The key to mitigating the broader risks associated with synthetic data lies in three fundamental principles: regulations, transparency, and a balanced approach.
- Regulations: Adhering to strict regulations is essential to ensure the ethical use of synthetic data. At Writer, we’re committed to following all relevant guidelines and standards, which helps to prevent misuse and ensures that our synthetic data is generated and used in a manner that respects privacy and data integrity. We work with third parties to ensure that we’re mitigating bias (and not amplifying it in the synthetic data we produce).
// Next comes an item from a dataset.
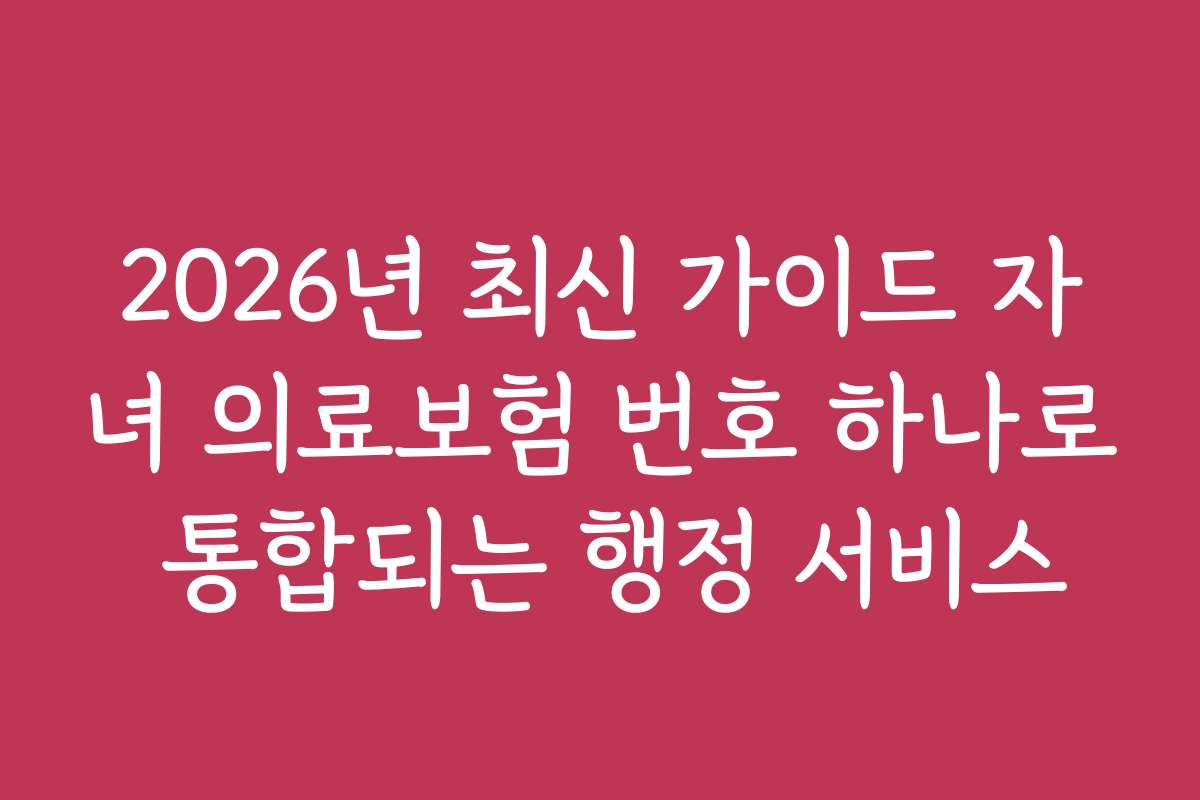 2026년 최신 가이드 자녀 의료보험 번호 하나로 통합되는 행정 서비스에 대한 모든 내용을 담았습니다. 이 글을 통해 2026년 최신 정보와 함께 필요한 절차를 이해하고, 놓치면 후회할 팁까지 챙겨보세요. 자녀의 의료보험 관리, 이제는 간편하게 해결할 수 있습니다.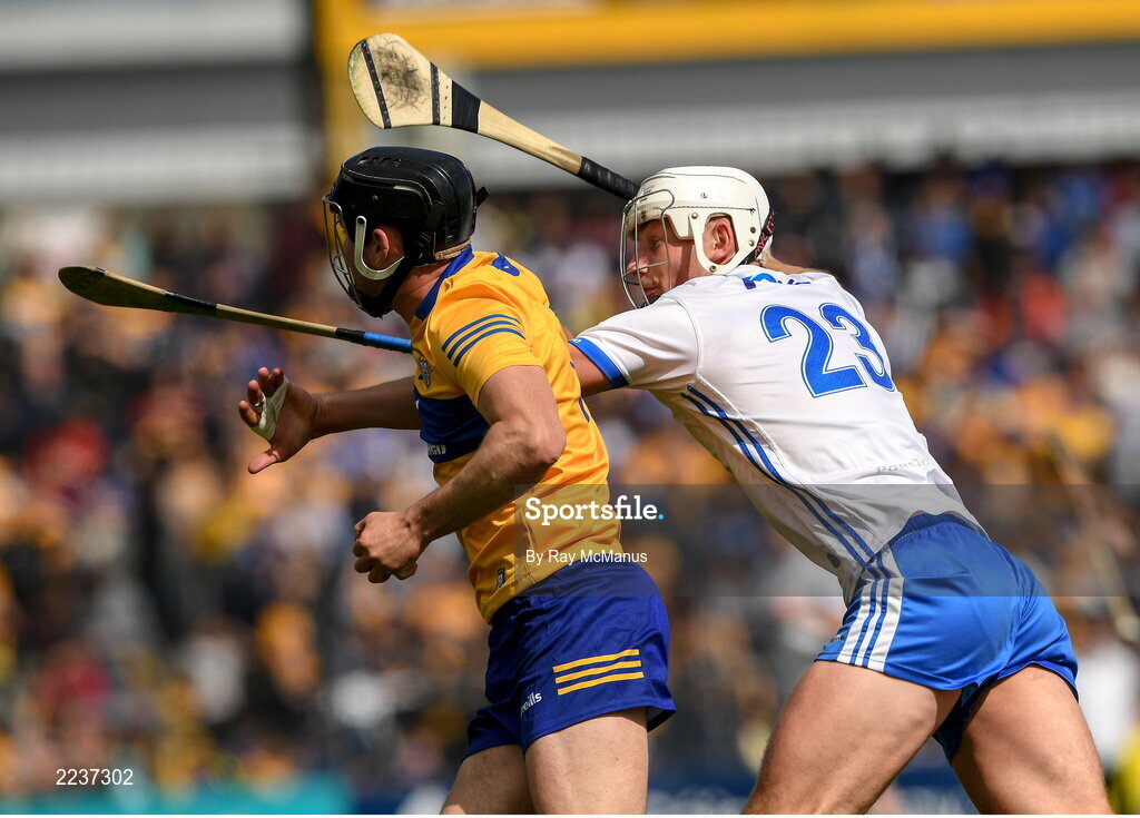 22 May 2022; Jack Browne of Clare is tackled by Neil Montgomery of Waterford during the Munster GAA Hurling Senior Championship Round 5 match between Clare and Waterford at Cusack Park in Ennis, Clare. Photo by Ray McManus/Sportsfile

We also have bias detection and correction mechanisms built into models that produce the data.
- Transparency: Transparency in the generation and use of synthetic data is crucial. It allows stakeholders to understand how the data is created, what it represents, and how it’s being used. At Writer, we prioritize transparency by clearly documenting our data-generation processes and making this information available to our users and partners.
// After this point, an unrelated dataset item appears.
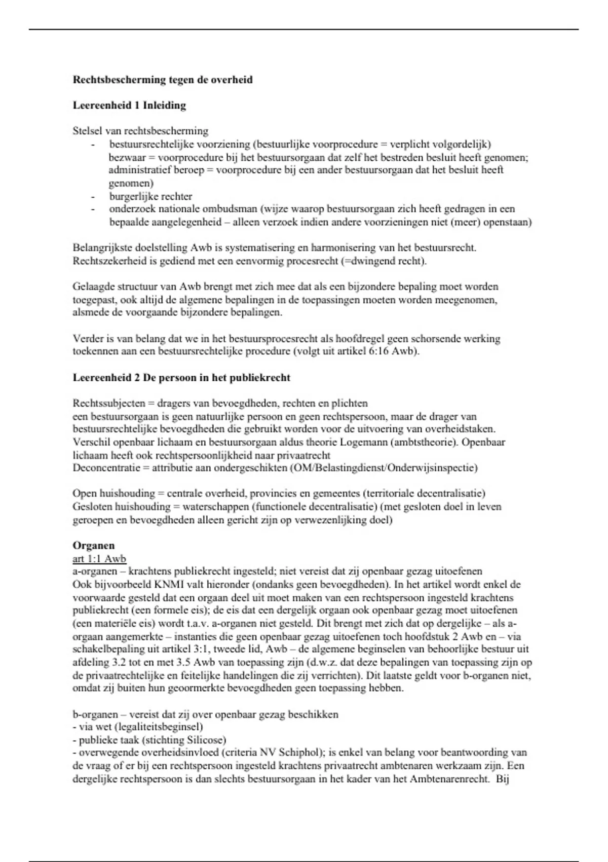 Volledige samenvatting deel van vak Bestuursrecht II, rechtsbescherming tegen de overheid

- Balanced approach: A balanced approach involves using synthetic data in conjunction with real data, where appropriate. This ensures that the model benefits from the diversity and richness of real data while also leveraging the precision and control of synthetic data. By maintaining this balance, we can address the ethical concerns and risks associated with synthetic data while still reaping its benefits.
At Writer, we’re dedicated to using synthetic data responsibly and ethically. We value primary sources and ensure that our synthetic data is derived from factual and reliable information. This commitment to responsible data practices not only enhances the performance and reliability of our models but also builds trust with our users and the broader community.
Embracing the power and potential of synthetic data
The myths surrounding synthetic data are unfounded and detrimental to AI progress. By understanding and addressing these misconceptions, we can fully harness the potential of synthetic data.
Synthetic data, when used responsibly and verified properly, significantly enhances AI model training. It complements real data, offering precision and control that address many of the limitations of real datasets.
At Writer, our goal is to create a holistic platform for enterprises to easily and affordably transform mission-critical workflows with AI — including models that meet the unique performance and security needs of enterprises.  We believe that larger datasets are reaching their limits, and the future lies in precise training approaches and transformer architecture innovations. More companies will adopt synthetic data, recognizing its benefits in performance, cost, and ethics.
We encourage enterprise leaders to embrace synthetic data, knowing it’s a reliable and ethical solution for advancing AI in the enterprise. By integrating synthetic data, businesses can achieve better outcomes and maintain data privacy.